Optimization validation is an extremely tough problem for all the
reasons you have stated. With nothing formal or automated it primarily
There are simple cases where many compilers have significant simple
optimizations wrong. Take the case of right shifts for divides by 2 to
a power. It will work fine for positive numbers and not for negative
numbers even for a processor with sign extension shifts.
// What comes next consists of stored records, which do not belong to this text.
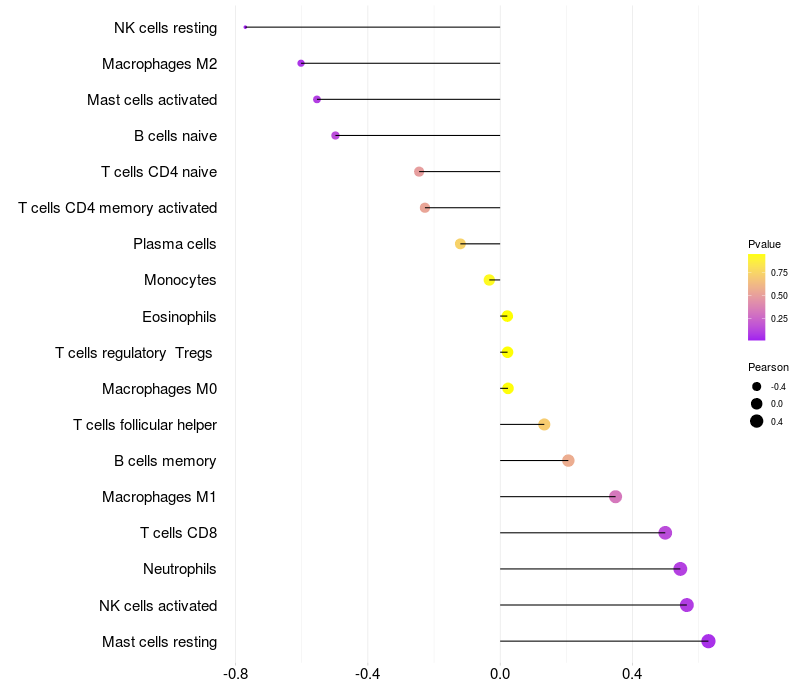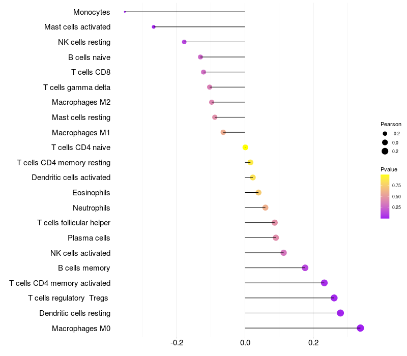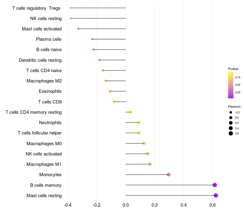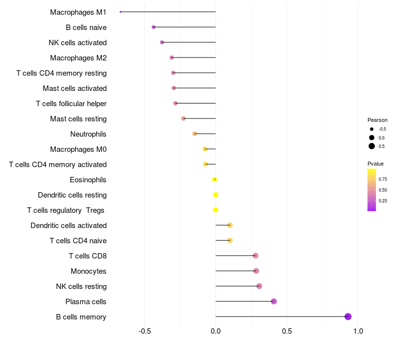 Lollipop of ARHGEF11 expression and immune infiltrating cell level correlation result in HBV+ Liver cirrhosis samples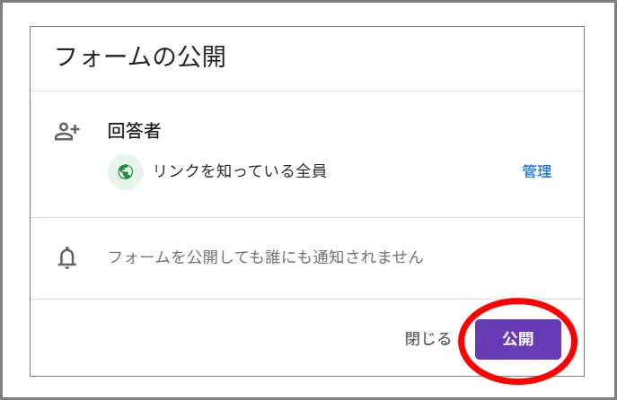 ②「フォームの公開」が開くので、「公開」をクリックすると回答の受付が開始されます。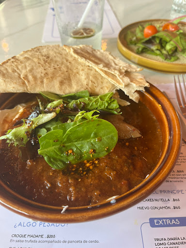 Read moreEl restaurante esta muy amplio con salon comedor al aire libre (afuera) y en la parte de adentro con aire acondicionado. Nos toco en la parte de afuera porque íbamos con nuestro perro. El restaurante estaba vacio, solamente una familia de cuatro en una mesa y la de nosotros una nesa de dos personas.

One comment that is relevant is most compiler developers eventually
become very careful adding optimizations as soon as they implement a
second target processor. The eureka moment for many is value in the
carry bit after a subtraction.
Byte Craft Limited
> I was wondering how compiler optimisations can be verified,
> i.e. whether they perform always valid code modifications? How is it
> done in practice?
> I assume that the only safe way would be to formulate the applied code
> modifications as formal transformations that model every possible
> situation that can ever occur. But on the other hand this seems to be
> infeasible for most optimisations since they are too complex for
> analytical models.
> An alternative would be regression tests, but are such tests safe? I
> mean you can never be sure that you did not miss a scenario that may
> occur in practice.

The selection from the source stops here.